200-Year-Old Insurrection Provides Author Greatest Personal Challenge in Writing Career
June 1797 saw the end of one of the most extraordinary events in English history - the Mutiny at the Nore. Author Julian Stockwin faced his greatest personal challenge when he chose this insurrection as the subject of his latest book.
(PRWEB) May 5, 2004 -- June 1797 saw the end of one of the most extraordinary events in English history -- the Mutiny at the Nore.
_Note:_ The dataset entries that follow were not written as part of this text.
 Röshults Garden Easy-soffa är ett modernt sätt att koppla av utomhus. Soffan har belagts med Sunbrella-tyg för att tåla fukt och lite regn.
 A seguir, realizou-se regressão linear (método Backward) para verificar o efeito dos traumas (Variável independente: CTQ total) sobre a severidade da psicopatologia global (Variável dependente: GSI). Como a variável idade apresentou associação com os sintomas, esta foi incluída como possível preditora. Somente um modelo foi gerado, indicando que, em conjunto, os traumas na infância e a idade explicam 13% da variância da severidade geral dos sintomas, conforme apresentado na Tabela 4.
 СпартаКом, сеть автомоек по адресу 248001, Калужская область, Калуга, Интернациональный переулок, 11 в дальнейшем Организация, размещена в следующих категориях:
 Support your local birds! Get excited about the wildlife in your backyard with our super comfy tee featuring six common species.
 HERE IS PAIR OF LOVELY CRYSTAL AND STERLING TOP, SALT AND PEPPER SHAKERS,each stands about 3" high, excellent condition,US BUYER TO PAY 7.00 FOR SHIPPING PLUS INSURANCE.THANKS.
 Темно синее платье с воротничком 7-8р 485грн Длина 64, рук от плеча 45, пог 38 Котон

Author Julian Stockwin faced his greatest personal challenge when he chose this insurrection as the subject of his latest book.
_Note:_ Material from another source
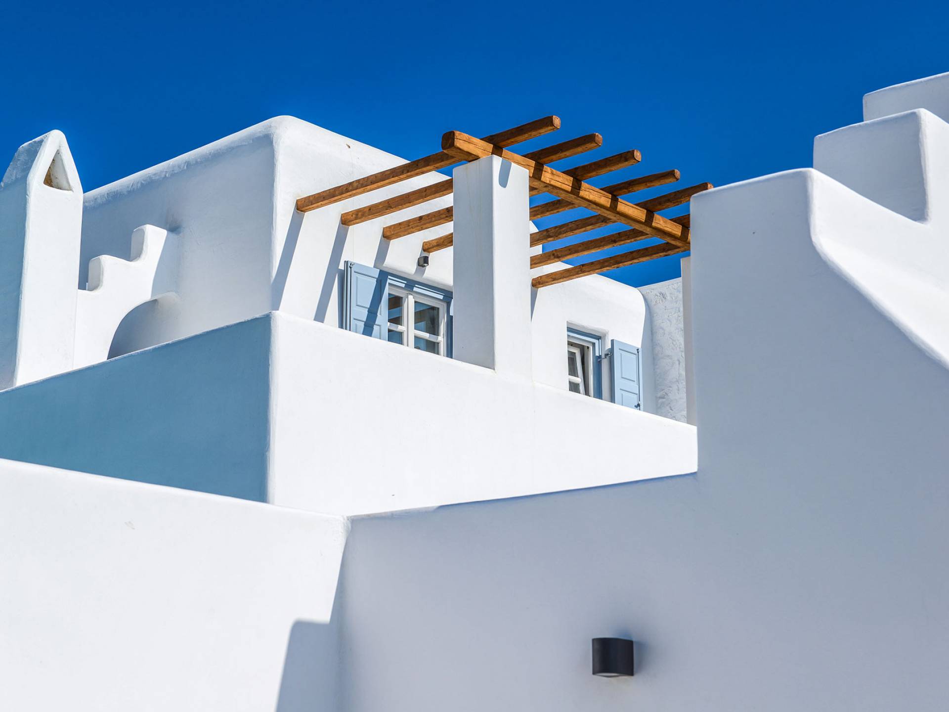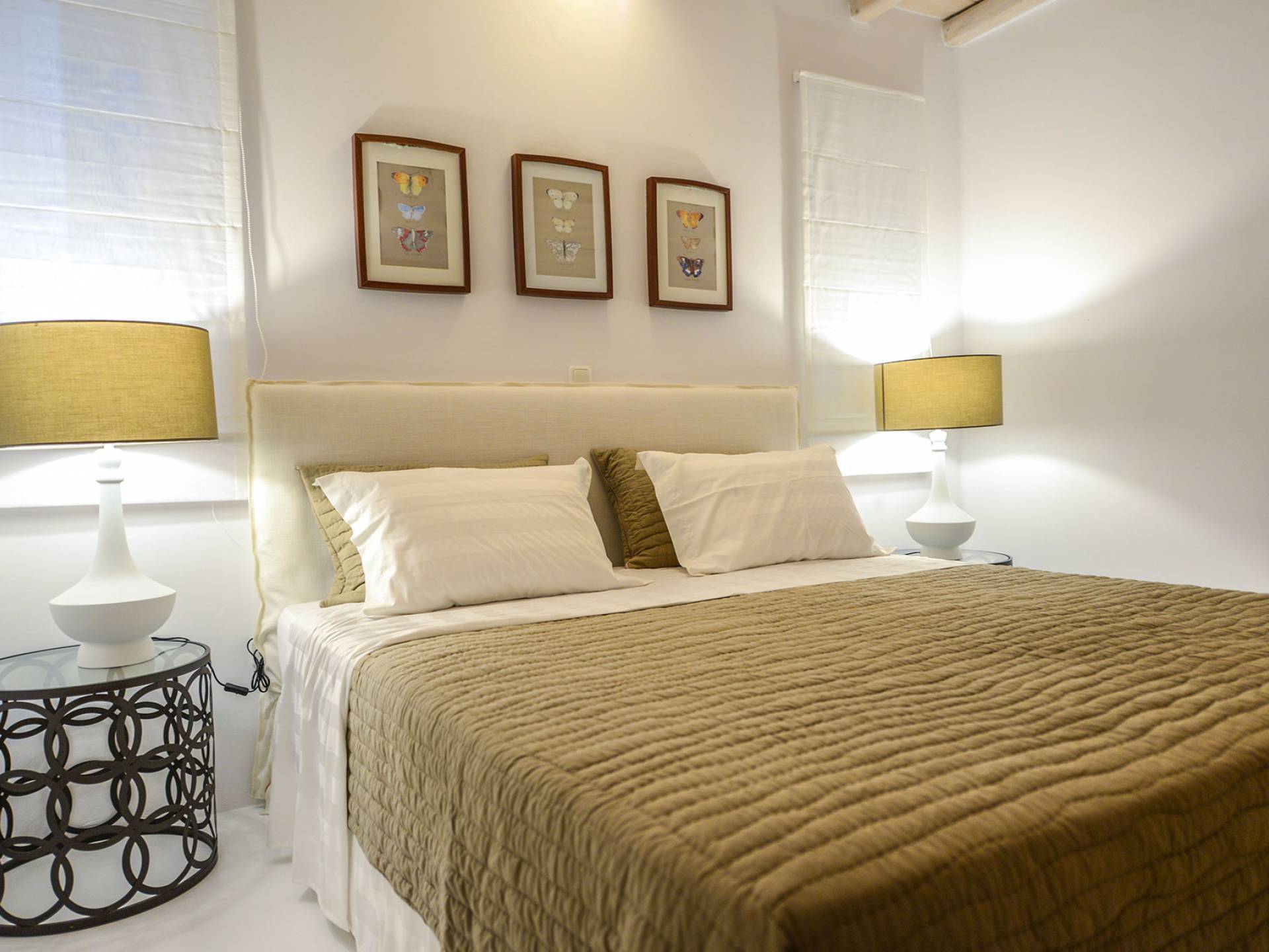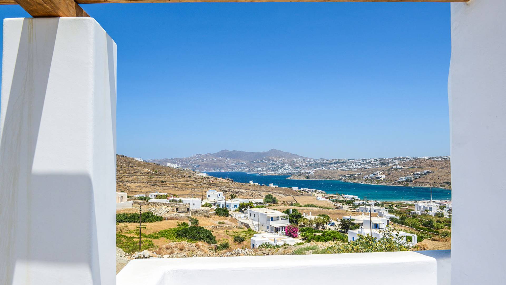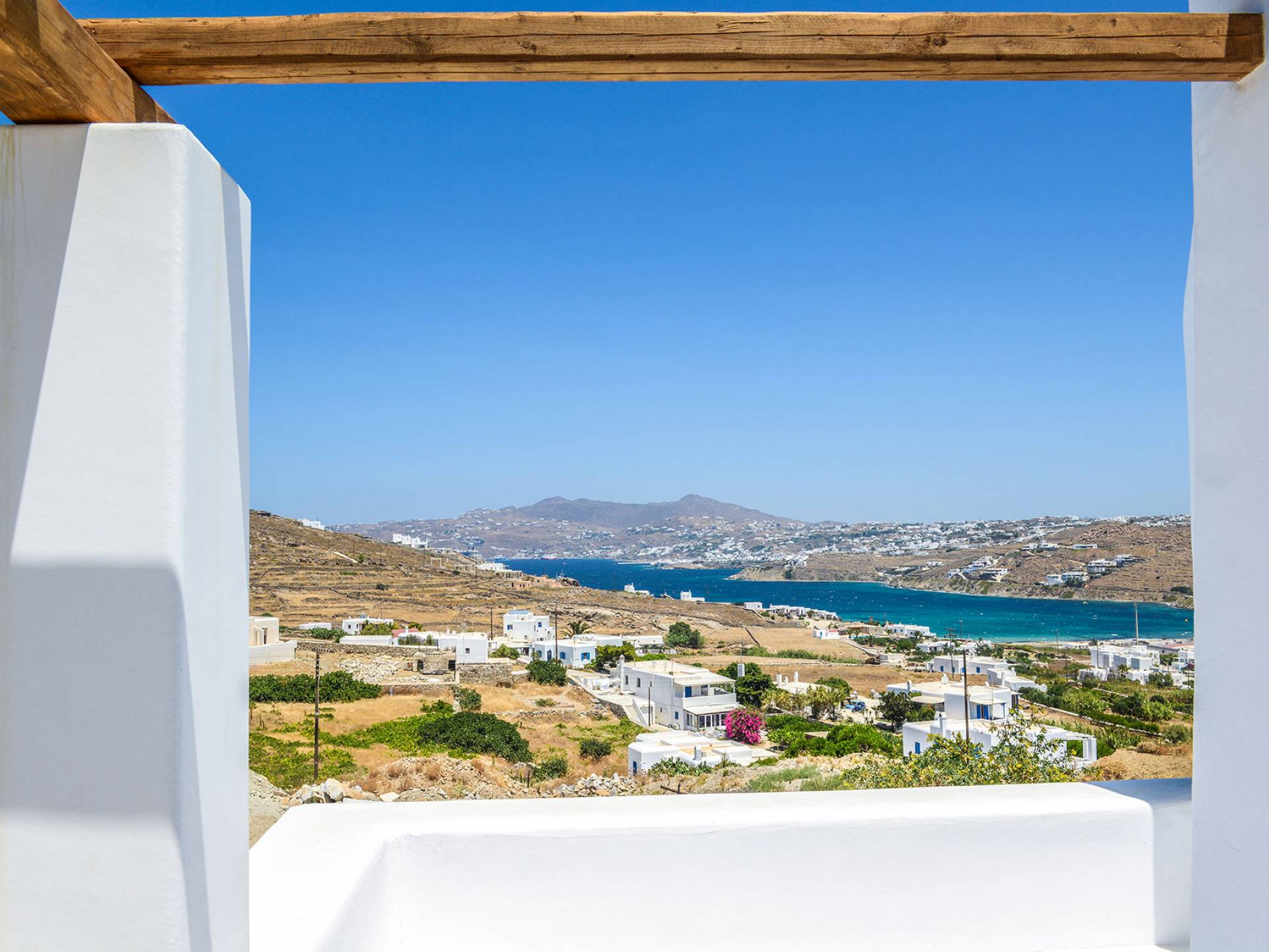 Located ideally between Ornos and St. John, with views of Mykonos Town windmills, the three-bedroom Villa Pearl Mykonos is just a 5-min driving distance perspectively, from both beaches. An open plan fully equipped kitchen, a living and dining room take the entrance level, whereas two master bedrooms with en-suite bathrooms along with an extra bedroom with twin beds are found in the upper floor level.

Stockwin, who saw service in the Royal Navy, both as a seaman, and as an officer, says his sympathies were torn - but he knew he had to come to his own personal stand before he could begin writing.
The sailors had serious grievances - but this was also a time when Englands future hung in the balance under threat from the French and the Dutch. My central character Tom Kydd is not my alter ego, but I do see myself in him in many ways," Stockwin says.
Stockwin found material aplenty on the famous historic personae for his writers pen: the mutiny ringleader, flamboyant former officer Richard Parker; Admiral Black Dick" Howe, veteran of the Glorious First of June battle; Prime Minister Pitt, pushed to the edge by events.
But the records hold little of the thoughts and feelings of the men themselves. Most eighteenth- century sailors were illiterate and letters from those who could write are very rare. Stockwin knew his central character, Tom Kydd, would find himself at the heart of things -- and this was the rub. Would he stand for King and Country and thus betray his messmates -- or side with the mutineers? If he raised the Red Flag, his life was surely on the line.
Discontent among sailors at the Nore, a Royal Navy anchorage in the Thames Estuary, just a dozen miles from London, burst into mutiny in May 1797. A previous rising at Spithead had been settled peacefully with a Royal Pardon and some gains for the mutineers. The mutiny at the Nore was potentially more serious as the mutineers went beyond the demands made at Spithead.
When they attempted to blockade the Thames, the country was effectively held to ransom.
Mutiny", the fourth book in Julian Stockwins series of historical naval adventure fiction, is published in the US in June by Scribner.